A new kind of war

06 Mar 2009

1

The blood of the slain  policemen had not even dried before allegations began to fill the  air in Pakistan that  India had mounted the attack on the Sri Lankan cricketers in Lahore.

It was left to one courageous journalist  to observe, sarcastically, that ''Given how late the Sri Lankan team decided to play the Test in Lahore, and the logistics and other requirements for mounting such an operation, the Indians didn't have much time to put this together - in which case, if these analysts are to be believed, India seems to have done an impressive job''. The worst thing that could happen, he concluded, was for a state is to go into denial.  ''How long will we deny that we have groups that have run amok and whose obvious agenda involves destroying Pakistan as a nation-state?''

It is not only Pakistan that is in denial. President Obama condemned the attack as an ''attempt to damage Pakistan's relations with Sri Lanka''. He could not have been further off the mark. The attack had nothing to do with Sri Lanka - a New Zealand or West Indies team would have served the terrorists' purpose equally well. 

Their  real target  was  Pakistan's tottering  democracy and it's seriously endangered  civil society.  Their purpose was not  to isolate Pakistan from the world of international cricket but from the world itself. For most of the past three decades  Pakistan's cricket team has  been among the three best in the world. Cricket  has therefore become the talisman of  Pakistan's  success as a nation, and almost the sole focus of its national pride.  Killing Pakistani cricket is therefore a surrogate for killing the modern nation state that Pakistan yearns to become.

 By far the most puzzling feature of Pakistan's descent into chaos is that it is happening with the  acquiescence of its armed forces. The Pakistan army has 650,000 soldiers and  528,000 reservists.  Yet barely 16 months after it started a 'major offensive' against the Taliban in Swat, Mullah Fazlullah's rag tag, murderous  militia, which  numbers  barely 2,500, has it on the run. The  army command ascribes  this, and its other failures in the tribal areas,  to the fact that  its army is trained for high intensity combat against India and cannot therefore be retrained and redeployed  to the west until all possibility of a war with India has been eliminated.

This argument is absurd. When a living organism faces both  an immediate  and a distant threat to its existence,  the  instinct for self preservation forces it  to confront the former. But Pakistan's army has still to move one significant unit from the Indian border.

Many explanations have been put forward for Musharraf's, and now Kayani's, willingness to run with the hares and hunt with the hounds, but the most obvious is the least  discussed: the army's dread of  getting inextricably bogged down in a war it  cannot win. 

What the Taliban are ruthlessly waging  is a new kind of war, in which civilians are expendable  pawns. The Taliban kills civilians; the civilians turn to their government for protection;  the government fails to protect them; in desperation they submit to the terrorists to buy their peace. he Taliban wins. QED.

Pakistan's ISI understands  this kind of  war only too well, for it has waged it with considerable skill  in Kashmir where, since 1998,  it has tied down more than half a million Indian troops  with fewer than 2,000 armed militants.
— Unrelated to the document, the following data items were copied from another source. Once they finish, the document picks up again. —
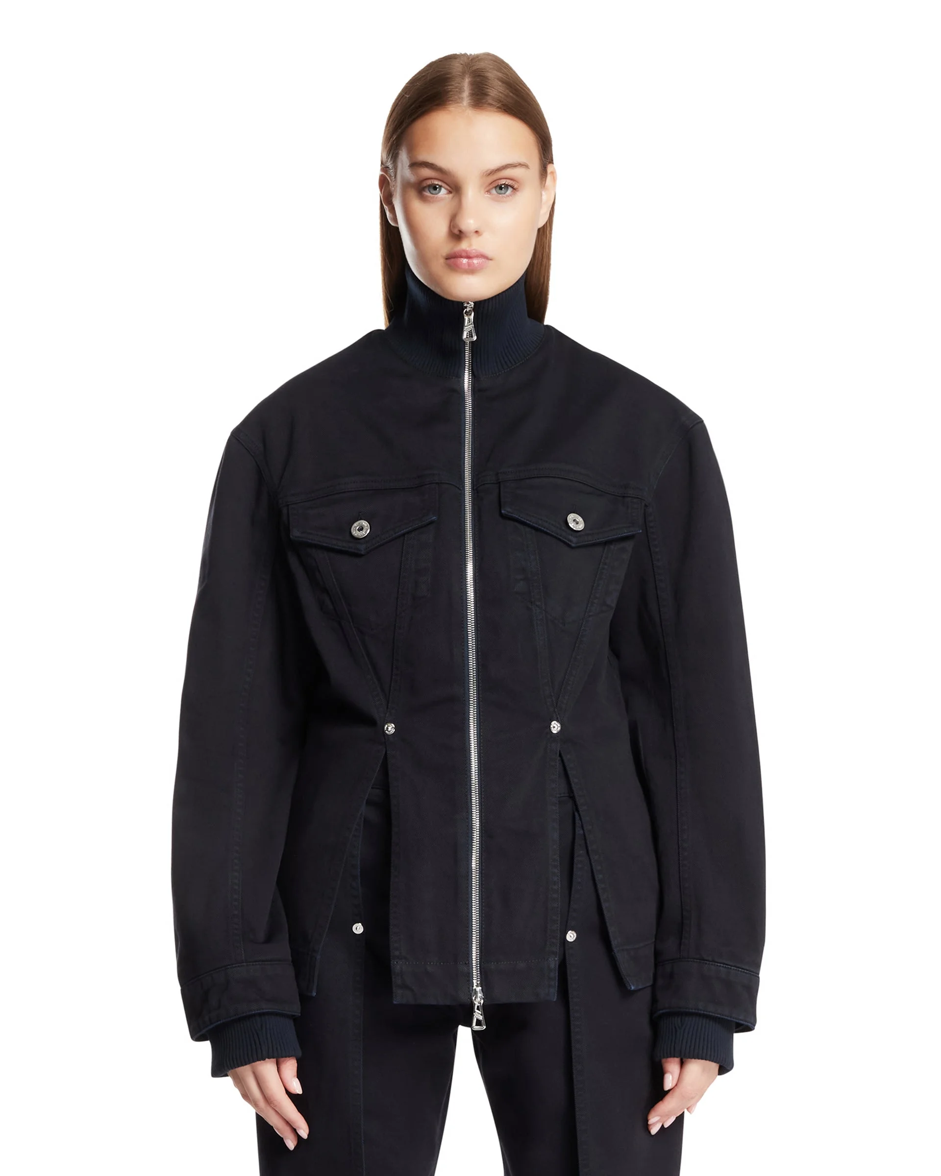 Jean Paul Gaultier Blue The Slit Denim Jacket. Blue cotton, ribbed collar and cuffs, two flap pockets at the front, long sleeves, two slits at the front. Zip closure with Jean Paul Gaultier engraving, logo buttons and rivets. Regular fit. Perla is 176 cm and she is wearing size S. DETAILS Model: WJA011W04959 Composition: 100% Cotton Made in: IITALY Season: FW25-26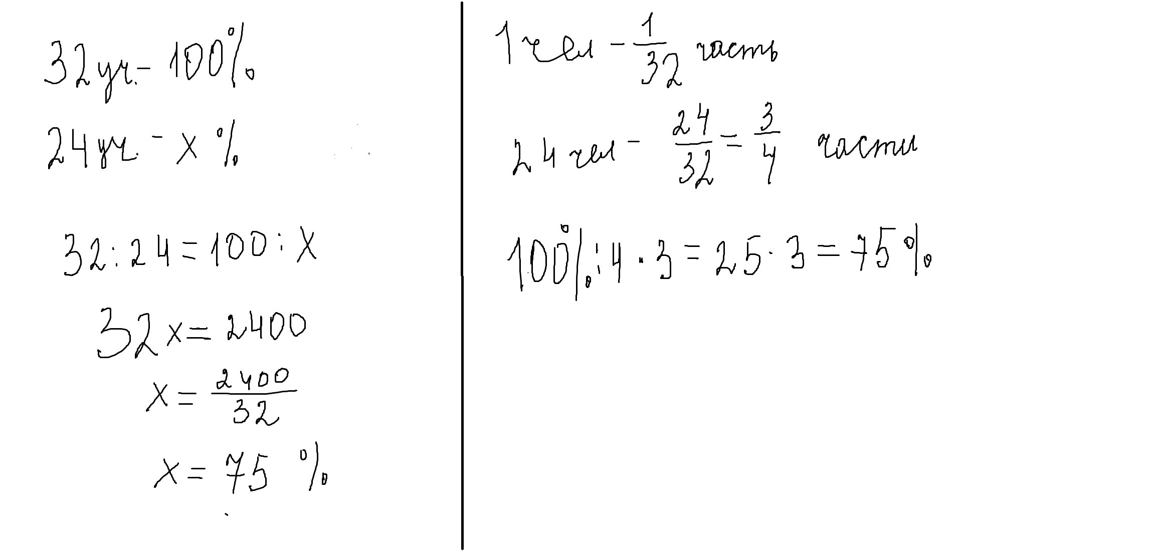 З 32 учнів класу 24 чоловіка займаються в спортивних секціях ? Яка частина учнів займається спортом?Відповідь вирази у процентах.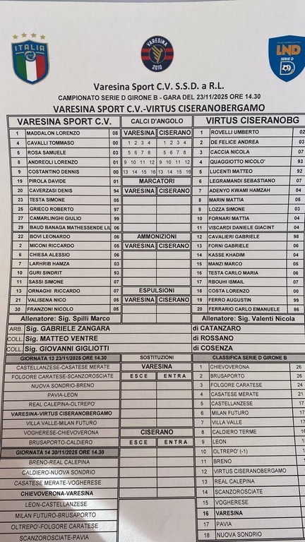 Seguiremo in diretta anche Varesina-Virtus CiseranoBergamo con i rossoblù arrivati a uno bivio-salvezza fondamentale: dopo 7 pareggi in 12 gare e una vittoria che in casa manca da quasi 300 giorni è il momento di prendersi i tre punti del rilancio. In campo per offendere riecco Costantino, Andreoli e Baud Banaga, ma c'è anche Caverzasi pronto a chiudere i varchi, mentre torna in panchina anche l'amuleto-Sassi che rientra dal lungo infortunio e simboleggia l'identità e le radici del club.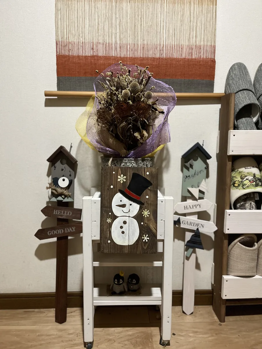 玄関でお出迎えしてくれる雪だるまさんに癒されます〜🥰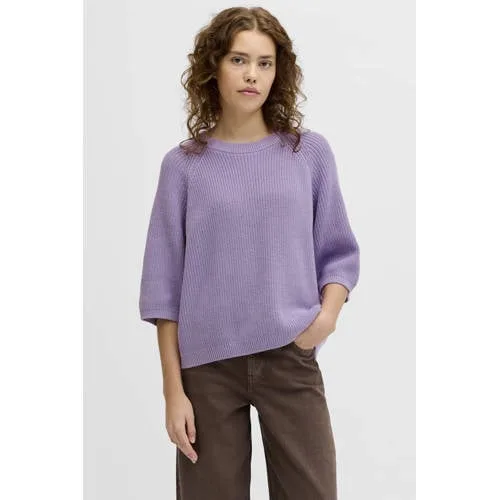 Design: Geribbelde kraag, Rechte zoom, Raglanmouwen; Materiaal: Knitwear; Halstype: Ronde hals; Motief: Effen; Extra's: Met textuur, Voelt zacht aan; Pasvorm: Losse pasvorm; Armlengte: Driekwart mouw; Lengte: Normale lengte

Today it is getting a dose of its own medicine in  terrain  that  is more difficult than that of Kashmir,  and the number of militants 10  times larger.

It knows, therefore, that it can win battles and inflict the occasional, crippling, defeat. But it does not have the numbers to blanket the countryside, as India has done in Kashmir, so that normal life can continue. Peace  therefore  requires a political settlement, but no such settlement will endure so long as Pakistan remains a partner of the US in the Afghan war. In the meanwhile, appeasement buys time.

America has so far been in a state of denial because it could not bring itself to believe that it is a part of the problem and not of the solution.  That is changing.  It now needs to recognise that the road to peace does not run through the military eradication of the Taliban in Pakistan but through a political settlement in Afghanistan that deprives the Pakistani Taliban of the oxygen of nationalist rage.

But a political settlement will remain out of reach for everyone so long as the security establishments in Islamabad and New Delhi remain at loggerheads with each other. First Mumbai, then Lahore:  isn't it time these capitals learned the obvious lesson?